ACTION ITEM => Copy exactly the stretch of data below from the line with "根據(jù)國際市場研究機(jī)構(g" through the line with "Bumper Sticker (5", including both of those lines.

MATERIAL FOR THIS TASK =>
*** Begin section ***

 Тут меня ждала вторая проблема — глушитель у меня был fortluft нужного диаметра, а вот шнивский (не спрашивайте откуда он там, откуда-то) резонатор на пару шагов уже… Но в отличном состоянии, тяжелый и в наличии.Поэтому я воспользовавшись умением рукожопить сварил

*** End section ***
*** Begin section ***

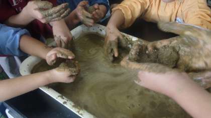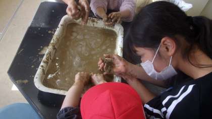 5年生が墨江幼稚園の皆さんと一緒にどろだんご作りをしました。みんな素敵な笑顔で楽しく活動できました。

*** End section ***
*** Begin section ***

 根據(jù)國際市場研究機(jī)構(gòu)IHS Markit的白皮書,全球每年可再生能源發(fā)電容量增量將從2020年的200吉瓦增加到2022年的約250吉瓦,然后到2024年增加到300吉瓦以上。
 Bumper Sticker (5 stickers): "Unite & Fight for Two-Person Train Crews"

*** End section ***

RESULT =>
 根據(jù)國際市場研究機(jī)構(gòu)IHS Markit的白皮書,全球每年可再生能源發(fā)電容量增量將從2020年的200吉瓦增加到2022年的約250吉瓦,然后到2024年增加到300吉瓦以上。
 Bumper Sticker (5 stickers): "Unite & Fight for Two-Person Train Crews"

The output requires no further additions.